* **Exercise objective**
Retype word for word the stretch of entries below from the line that has "近日,据江苏省招标投标公共服" through the line that has "worked right round", and omit the pictures.

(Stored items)
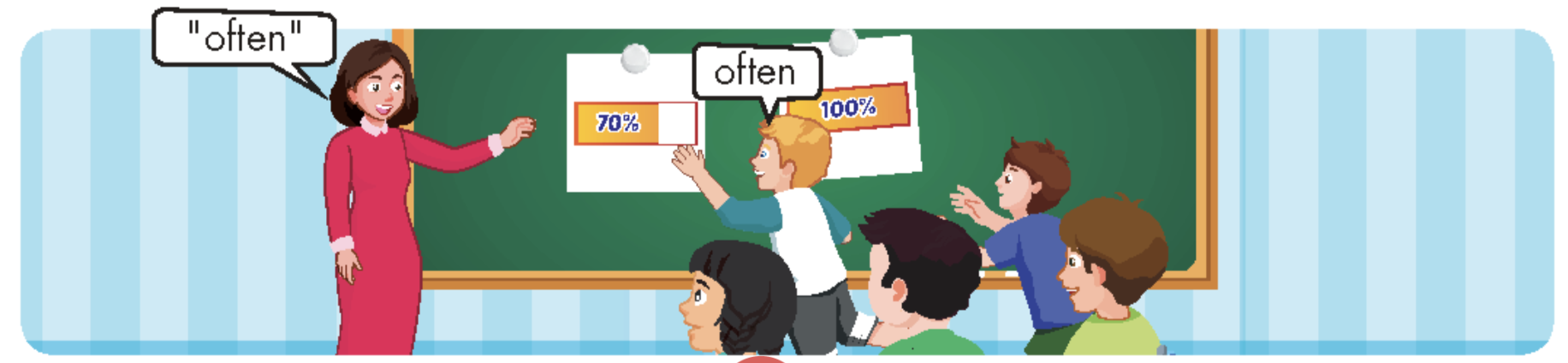 sometimes (adv): thường (mức độ thường xuyên cao hơn “often”)
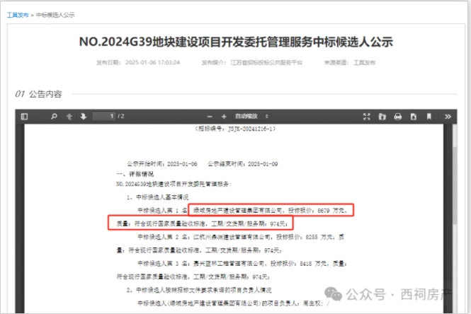 近日,据江苏省招标投标公共服务平台显示,绿城房地产建设管理集团有限公司中标NO.2024G39地块建设项目开发委托管理服务,投标报价为8679万元,服务期为974天。
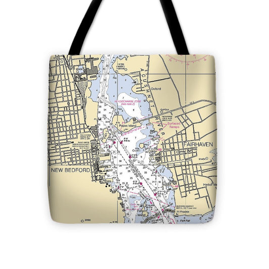 Acushnet River-massachusetts Nautical Chart - Tote Bag
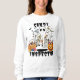 This image is a Halloween-themed design featuring a ghost in the center, with the words "CANDY INSPECTOR" written in bold black letters below. The ghost is depicted with a friendly, cartoonish expression and is surrounded by various candy-themed elements, including lollipops, candy canes, and candy corn. On either side of the ghost are two jack-o-lanterns, each with a different expression. The jack-o-lanterns are filled with colorful candy, adding to the festive and playful atmosphere of the design. The background is transparent. Overall, the image is a whimsical and cheerful representation of the Halloween holiday, with a focus on the sweet treats that are often associated with the occasion.
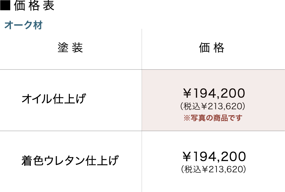 | 塗 装 | オイル仕上げ ※2種類からお選びいただけます。 オイル仕上げ・着色ウレタン仕上げ |
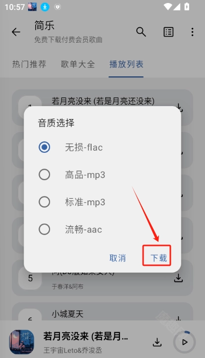 2. 在弹出的对话框里,挑选你想要的音质,选好之后点击确认。
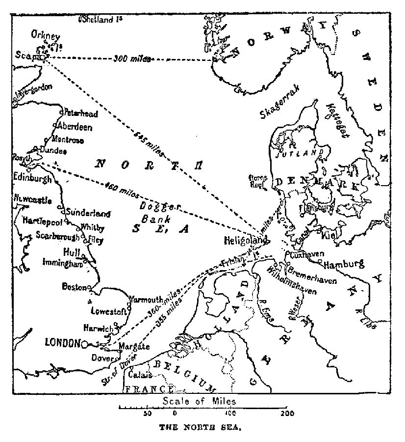 “Could not Jellicoe,” I asked, “have worked right round so as to draw a line across the mouths of the Elbe and Weser, and to cut Scheer completely off from the approaches to Wilhelmshaven?”
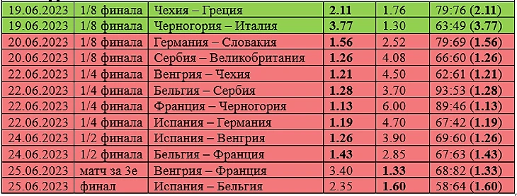 В 1/8 еще были неожиданные результаты, а дальше во всех матчах фавориты забрали своё, причем без особых шансов. Только у Чехии был хороший шанс в 1/4 обыграть венгерок, но немного не повезло. Бельгийки сверх уверенно прошли весь турнир и заслуженно победили. Несмотря на 10 подряд побед фаворитов, при фиксированной ставке в 2% на андердогов чистая прибыль за весь турнир составила бы 13.9%. При ставке в 500 рублей: +3475 рублей.
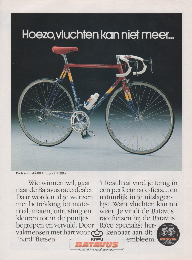 Mooie is dat een echte PR-strategie bij Batavus vaak leek te ontbreken. In 1990 was de Professional weer volledig gerestyled. Op een advertentie is echter te zien dat naast alle nieuwe gerestylede modellen deze teamkleur-Professional oude stijl ook nog gewoon te bestellen was :lol:
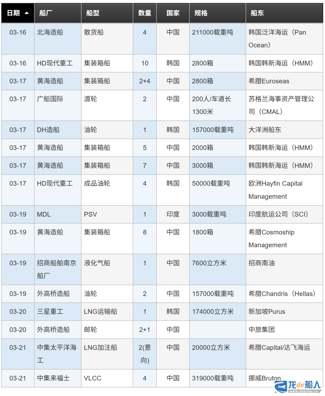 船厂订单汇总(3.16-3.22):上周56+5艘
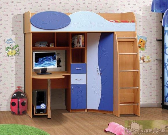 Дополнительные характеристики:— Стол: Да.— Стандартная лестница: Да. — Ступеньки: Да. — Количество спальных мест: 1. — Материал изготовления фасада: МДФ пленочный. — Максимальная нагрузка на спальное место: 80 кг. — Стеллаж для книг и игрушек: Да. — Защитный бортик: Да. — Основание спального места: ламинированная ДСП.— Вид кровати: стол-кровать. — Шкаф-пенал: Да. — Выдвижной ящик: 2 шт.— Материал изготовления каркаса: ДСП ламинированная.
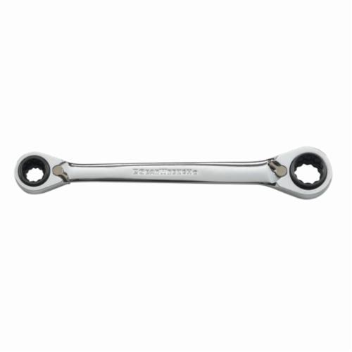 The GEARWRENCH® QuadBox™ double box ratcheting wrenches give you 4 sizes on 1 wrench, reducing your tool count and making more space in your tool box. Each box end has two usable sizes, one on either side, and levers on either end to swap the wrench's ratcheting direction without removing the wrench. The ratcheting box end is designed to need as little as 5 deg of swing arc to move fasteners, versus 30 deg for standard wrenches. These wrenches are also made from a strong alloy steel with a bright, full polish chrome finish. Each ratcheting box end features an off-corner loading design for a better grip on the fastener and reduced fastener rounding. The 0 deg offset on both ends of the wrench provides greater access to fasteners in the tightest spaces.
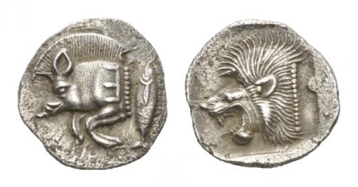 Mysia, Kyzikos Obol circa 450-400, AR 12mm., 0.83g. Forepart of boar left, E (retrograde) on shoulder; behind, tunny. Rev. Head of lion left within incuse square. Von Fritze II, 11. SNG France 378.
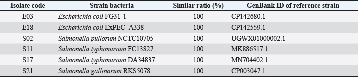 For herbal extract susceptibility testing, wells with diameters of 6 mm were created into MH agar plates inoculated with the bacterial cultures. Each extract (50 μl) was transferred into a well and incubated at 37°C within 24 hours. Measuring inhibition zones was conducted and compared with established standards for antibiotic and herbal extract sensitivity (Kumar et al., 2024). Experimented antibiotics included amoxicillin (30 μg), cefotaxime (15 μg), doxycycline (30 μg), amikacin (10 μg), ciprofloxacin (30 μg), ceftriaxone (10 μg), ofloxacin (10 μg), nitrofurantoin (15 μg), and spiramycin (30 μg) (CLSI, 2024). Minimum inhibitory concentration (MIC) and minimum bactericidal concentration (MBC) valuesThe broth microdilution method was used to determine the MIC and MBC of onion and chive extracts. Each extract at an initial concentration of 500 mg/ml was serially two-fold diluted to achieve a concentration range of 250–0.988 mg/ml. Nine sterile test tubes were used for each extract. One tube served as a negative control (extract only), and another tube containing tetracycline served as a positive control. A volume of 1 ml of the bacterial suspension was transferred to each tube, and incubated at 37°C for 24 hours. The MIC value was identified at the lowest concentration of each extract that prevented visible bacterial growth compared with the control group. For MBC values, all observed tubes without visible growth of bacteria were sub-cultured on Tryptic soy agar and incubated at 37°C within 24 hours. The MBC value of each extract was identified at the lowest concentration without forming bacterial colonies (CLSI, 1999). Statistical analysesAll data from the findings were analyzed with SPSS software (version 21.0) and were presented as mean values with standard deviation. Each assay was performed in triplicate, and bacterial counts were transformed into log10 CFU/ml (or CFU/g) for analysis. Pairwise t-tests were used to analyze significant differences between groups (FC or FPO) in biochemical content and pathogenic bacteria, with a statistical confidence interval of 0.05. Ethical approvalAll procedures involving chickens were conducted in accordance with the ethical standards and guidelines approved by the Animal Ethics Committee of Hue University, Vietnam (Approval No.: HUVNO39). ResultsIsolation of Salmonella spp. and E. coli from chicken fecesTwenty-four Salmonella spp. and 28 E. coli isolates were obtained from diarrheic chicken fecal samples based on characteristic colony morphology. Biochemical testing confirmed the identity of 22 out of 28 isolates (78.6%) as E. coli. These isolates were positive for lactose fermentation, methyl red, catalase, indole production, and nitrate reduction and negative for urease, H2S production, oxidase, citrate utilization, and Voges–Proskauer. Similarly, 19 out of 24 isolates (79.2%) were confirmed to be Salmonella. These isolates were negative for urease, phenylalanine deaminase, H2S production, gelatinase, nitrate reduction, motility, methyl red, Voges–Proskauer, indole production, citrate utilization, lactose fermentation, and oxidase activity (data not shown). In vivo virulence testing of Salmonella spp. and E. coliTo assess the virulence of the isolates, 3-day-old chicks were orally inoculated with 1 ml of bacterial suspension (108 CFU/chicken). This in vivo assay identified five virulent Salmonella spp. strains and four virulent E. coli strains capable of causing diarrhea in chickens (data not shown). Detection of toxin genes in E. coli and Salmonella spp.To further confirm the pathogenicity of the isolates, PCR was performed to detect the genes encoding toxins (Table 2, Fig. 1). Virulence genes (Stx1 and Stx2) in isolated E. coli were detected using multiplex PCR. The results showed that of the 4 E. coli isolates, strains E03 and E18 harbored the Stx1 gene, producing a characteristic band at 614 bp. In addition, all 5 Salmonella isolates were positive for Stn, which generated a specific amplicon at 617 bp. The virulent isolates were further identified using 16S rRNA gene sequencing. The sequencing results (Table 3) were compared with those from the NCBI GenBank database. The 4 Salmonella strains (S02, S11, S17, and S21) were identified as Salmonella pullorum strain NCTC10705, Salmonella typhimurium strain FC13827, S. typhimurium strain DA34837, and S. gallinarum strain RKS5078, with the corresponding GenBank IDs UGWX01000002.1, MK886517.1, CP029568.1, and CP003047.1, respectively. The Salmonella strain (S20) could not be definitively identified. The 2 E. coli strains (E03 and E18) were identified as E. coli FG31-1 and E. coli ExPEC_A338 with corresponding GenBank IDs CP142680.1 and CP142559.1, respectively, showing 100% sequence similarity.
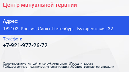 Центр мануальной терапии по адресу 192102, Россия, Санкт-Петербург, Бухарестская, 32 в дальнейшем Организация, размещена в следующих категориях:
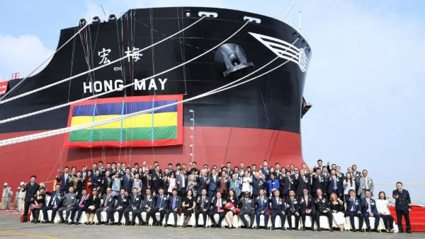10月23日,由中国船舶工业集团有限公司所属上海外高桥造船有限公司为美国福茂集团建造的18万吨好望角型散货船“宏梅”号在上海命名交付。中船集团副总经理孙伟,福茂集团荣誉董事长赵锡成、董事长兼首席执行官赵安吉,利比里亚驻华大使托马斯出席命名仪式。

* **Answer space**
 近日,据江苏省招标投标公共服务平台显示,绿城房地产建设管理集团有限公司中标NO.2024G39地块建设项目开发委托管理服务,投标报价为8679万元,服务期为974天。
 Acushnet River-massachusetts Nautical Chart - Tote Bag
 This image is a Halloween-themed design featuring a ghost in the center, with the words "CANDY INSPECTOR" written in bold black letters below. The ghost is depicted with a friendly, cartoonish expression and is surrounded by various candy-themed elements, including lollipops, candy canes, and candy corn. On either side of the ghost are two jack-o-lanterns, each with a different expression. The jack-o-lanterns are filled with colorful candy, adding to the festive and playful atmosphere of the design. The background is transparent. Overall, the image is a whimsical and cheerful representation of the Halloween holiday, with a focus on the sweet treats that are often associated with the occasion.
 | 塗 装 | オイル仕上げ ※2種類からお選びいただけます。 オイル仕上げ・着色ウレタン仕上げ |
 2. 在弹出的对话框里,挑选你想要的音质,选好之后点击确认。
 “Could not Jellicoe,” I asked, “have worked right round so as to draw a line across the mouths of the Elbe and Weser, and to cut Scheer completely off from the approaches to Wilhelmshaven?”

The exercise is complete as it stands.